WHEN JOSEPH HEARD the ambulance siren, he re-emerged from the warren of the boot. He squeezed into the rear of the car, and peered out on semi-darkness. Dawn was a narrow silver bar across the windscreen. Already it had reached the edge of town and was advancing with the first trams along the boulevards. The upper storeys of Big Vic could not be seen. Low cloud enclosed them. New Year’s Day would be a rainy one.
The few officials and the policemen that remained in the Soap Market had their backs to Joseph. They did not see or hear him open the passenger door and step out onto cobblestones. A pulse of icy light was flung out by the ambulance like an irrigation sprinkler watering a field. Joseph ducked each time the beam swept by, as if he feared a drenching in the light. Joseph thanked St Joseph, the Patron of the Holy Corpse, the Undertaker of Our Lord, that he was well enough to leave the marketplace by foot and not by ambulance. He’d made it through to the new year without the beating he deserved. His only bruise was in the muscles of his shoulder, from throwing too much fruit.
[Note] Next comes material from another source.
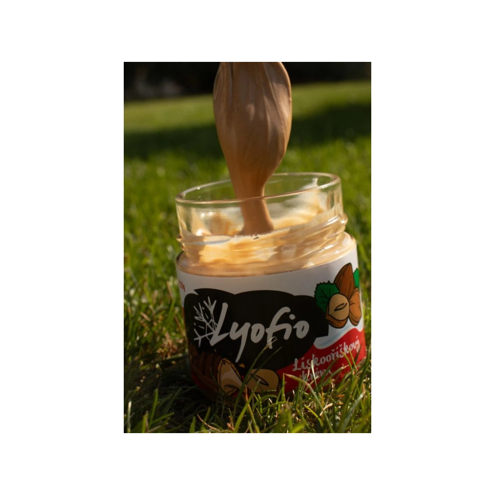 Lyofio Lískooříškový krém 220 g je poctivá oříšková pomazánka postavená na jednoduché filozofii: kvalitní suroviny a žádné zbytečnosti. Základem je 50 % lískových ořechů z italského Piemontu, doplněných pouze o cukr a mléko. Výsledkem je jemně krémová textura a plná, přirozená chuť oříšků, která potěší každého milovníka kvalitních ořechových krémů.

There’d been a thousand injuries between the midnight and the dawn, though some of those had been administered at police HQ, in the privacy of cells. But there had only been one death. The corpse had not been found until the market site was cleared of drunks and revolutionaries. They might as well pump air into a brick as try the kiss of life. Rook would have blushed at being caught like this, flat on his back in water, naked from the waist up, his chest a splintered prow, his stomach just a touch too plump for one so slight and vain. The market boy had died the market death, his back on cobbles, green from Grief, discarded like a bruised courgette, and looking now as dull and common as the stones which were his mortuary. Here was a most unlikely Martyr for the Cause — though, as time would prove, his name was good for martyrdom. Not easy to forget. We all remember Rook.